The beginner’s guide to Zendesk eDiscovery
Editor’s note: This post was originally published in March 2021 and has been completely revamped and updated for accuracy, relevance, and comprehensiveness.
Introduction
Welcome to the beginner’s guide to Zendesk eDiscovery, where we’ll cover everything you need to know about eDiscovery for Zendesk, a cutting-edge customer relationship management (CRM) software platform focused on helping businesses improve their customer experience. From an advanced ticketing system to AI-powered chat bots, Zendesk’s suite of products helps businesses automate their customer support efforts with an all-in-one solution. Managing 170,000 accounts across 160 countries, Zendesk hit its $1 billion revenue milestone in 2020, cementing its status as a top CRM contender.
Our increasing acceptance of hybrid and remote workplaces has only added to Zendesk’s momentum.
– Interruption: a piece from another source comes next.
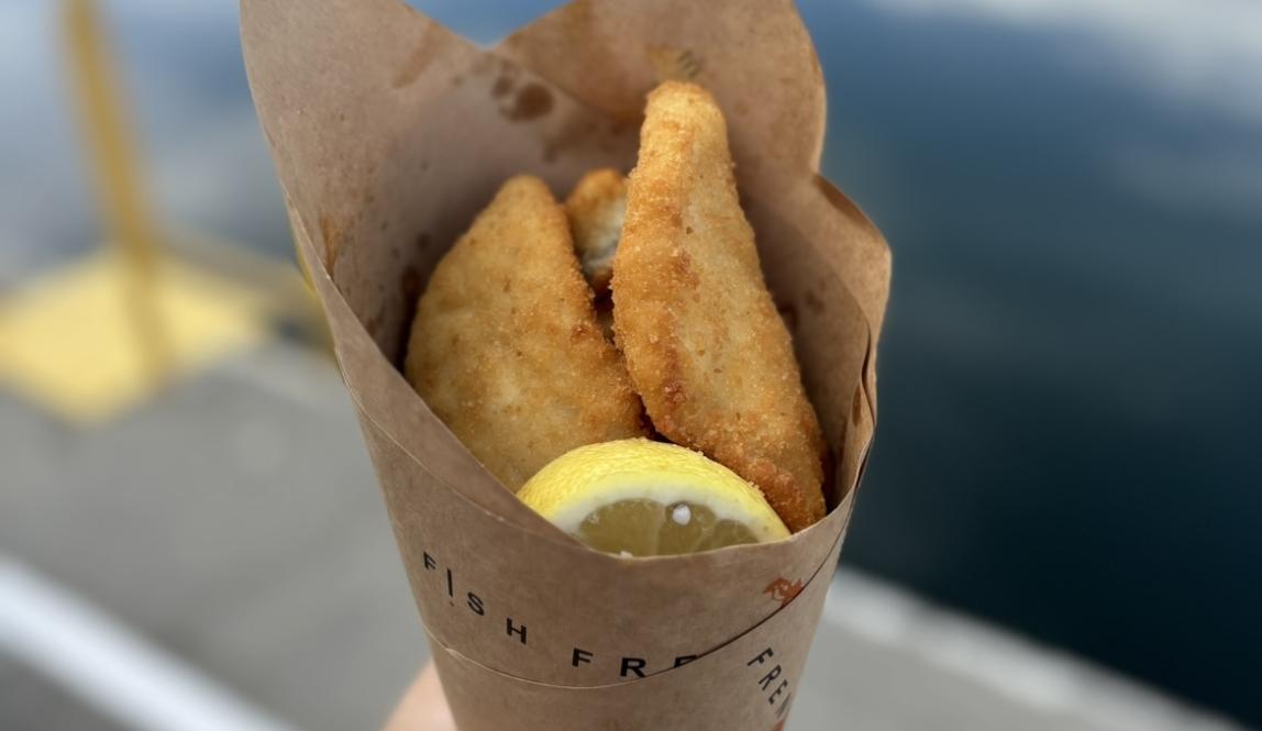 Our next stop was lunch at Pennicott’s beachside restaurant. I sat at a table with two older couples that I befriended in the group. We all got a round of sparkling wine, then each got three Tasmanian oysters to start. The oysters were very good, but I’m a Wellfleet Oysters fan until the day I die. The greatest difference between the two was the deep shell and creamier texture of the Tasmanian oysters. For our main course, we all got fish and chips with salad. For my second included drink, I got a glass of sauvignon blanc. Our guide gave us each a little spiced apple mead liquor shooter as a gift. I will give it to my dad when I get home. On our way out of the parking lot, we saw a regular and a white wallaby! This was an exciting moment for me, as it marked my first Australian wildlife sighting.

Working from a distance has pushed companies to prioritize connectivity and communication in all areas of business, and customer experience often sits at the top. Customers are, after all, the lifeblood of any business — which makes their requests, questions, and complaints (and support agents’ responses) critical data. A single Zendesk ticket can hold sensitive communications, attachments, and personal information that may become relevant for legal and regulatory reasons. Having a way to easily find and produce the right data is essential, which is why having a Zendesk eDiscovery strategy is quickly becoming a priority for many companies.
In this guide, we’ll help you understand how Zendesk works, what kind of data it holds, and how to collect that data. We’ll also leave you with a flexible Zendesk eDiscovery strategy you can adapt to your needs.
Disclaimer: Zendesk also offers a sales automation product, Zendesk for sales, but we will only cover eDiscovery for Zendesk for service in this guide.
What is Zendesk?
Before we dig into Zendesk eDiscovery, let’s break down what Zendesk actually is. At its core, Zendesk is a customer service software that helps companies maintain their customer relationships with innovative tools known as the Zendesk Suite. This centralized, omnichannel workspace helps agents focus on customer interactions regardless of where they live.
Let’s dig into the main features of the Zendesk Suite.
1. Ticketing system
Zendesk’s ticketing system is the core of how Zendesk works. Between chat, email, social media, and more, Zendesk pulls all customer inquiries into one centralized hub called the Agent Workspace. Regardless of where conversations happen, Zendesk collects every customer submission, turns it into a ticket, and queues it up in one place for support agents to take care of. This makes it easy for your agents to track, prioritize, and solve customer inquiries and gives them a holistic view of the customer profile and journey. Each customer has a continuously updated “essentials card,” which shares their contact information, time zone, language, interaction history, and list of websites viewed.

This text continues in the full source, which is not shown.